• [Try it]: Go to the line with "경기도 평택시 무연고 3기 공고후 개장. 화장후 10년 납골안치.." in the entries below and write out every line from there through the line with "3−1、2−1,2−2です。", exactly and without pictures.

• [Task material]:
⁂
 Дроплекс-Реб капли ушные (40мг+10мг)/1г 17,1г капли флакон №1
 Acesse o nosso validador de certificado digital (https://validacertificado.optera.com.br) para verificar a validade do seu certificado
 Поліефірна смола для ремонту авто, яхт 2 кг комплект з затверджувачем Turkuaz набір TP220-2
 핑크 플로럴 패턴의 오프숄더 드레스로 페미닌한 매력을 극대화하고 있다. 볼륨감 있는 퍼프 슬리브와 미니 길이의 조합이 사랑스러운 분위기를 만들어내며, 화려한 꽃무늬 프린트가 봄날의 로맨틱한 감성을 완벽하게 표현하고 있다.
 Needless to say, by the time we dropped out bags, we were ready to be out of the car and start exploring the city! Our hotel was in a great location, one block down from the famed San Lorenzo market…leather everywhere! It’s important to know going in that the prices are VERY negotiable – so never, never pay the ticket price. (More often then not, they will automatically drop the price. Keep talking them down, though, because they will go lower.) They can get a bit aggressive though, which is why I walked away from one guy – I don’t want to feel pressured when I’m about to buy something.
⁂
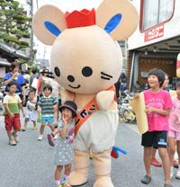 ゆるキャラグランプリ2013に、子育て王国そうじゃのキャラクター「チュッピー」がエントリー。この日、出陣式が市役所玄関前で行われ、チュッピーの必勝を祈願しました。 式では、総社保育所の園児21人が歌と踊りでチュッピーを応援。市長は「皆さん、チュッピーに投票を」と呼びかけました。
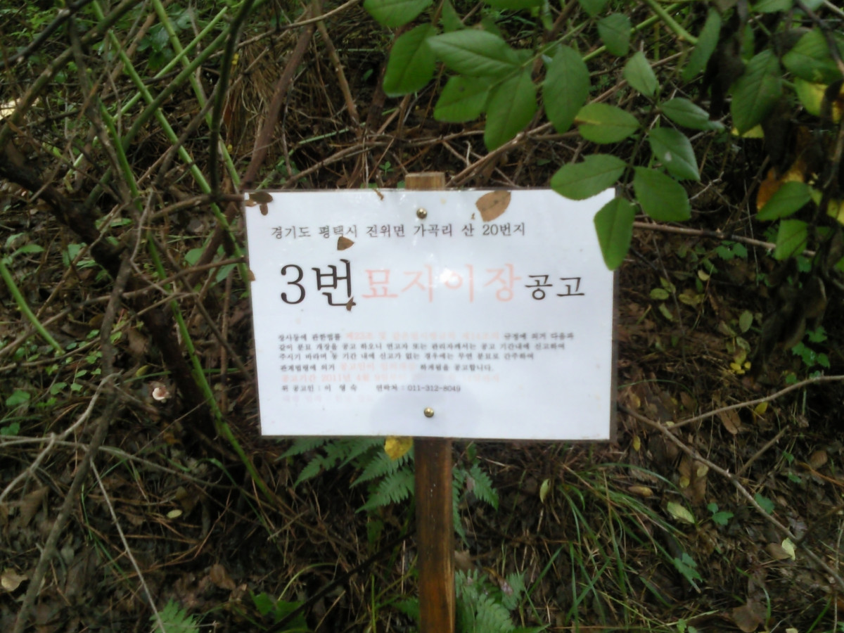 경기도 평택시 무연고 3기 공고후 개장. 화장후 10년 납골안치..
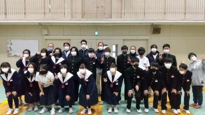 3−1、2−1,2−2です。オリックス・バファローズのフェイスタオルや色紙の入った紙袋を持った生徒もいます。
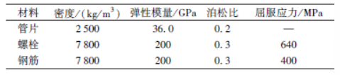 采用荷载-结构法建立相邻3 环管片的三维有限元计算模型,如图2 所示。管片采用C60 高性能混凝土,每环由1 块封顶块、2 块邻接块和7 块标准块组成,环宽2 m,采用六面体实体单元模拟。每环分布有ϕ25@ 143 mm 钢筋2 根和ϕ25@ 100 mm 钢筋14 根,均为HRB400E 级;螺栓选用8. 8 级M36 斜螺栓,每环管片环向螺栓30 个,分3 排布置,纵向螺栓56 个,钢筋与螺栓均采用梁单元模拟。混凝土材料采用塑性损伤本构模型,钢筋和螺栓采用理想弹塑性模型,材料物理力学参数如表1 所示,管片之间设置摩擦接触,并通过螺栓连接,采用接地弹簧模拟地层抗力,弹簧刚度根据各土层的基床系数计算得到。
⁂
• [Written answer]:
 경기도 평택시 무연고 3기 공고후 개장. 화장후 10년 납골안치..
 3−1、2−1,2−2です。オリックス・バファローズのフェイスタオルや色紙の入った紙袋を持った生徒もいます。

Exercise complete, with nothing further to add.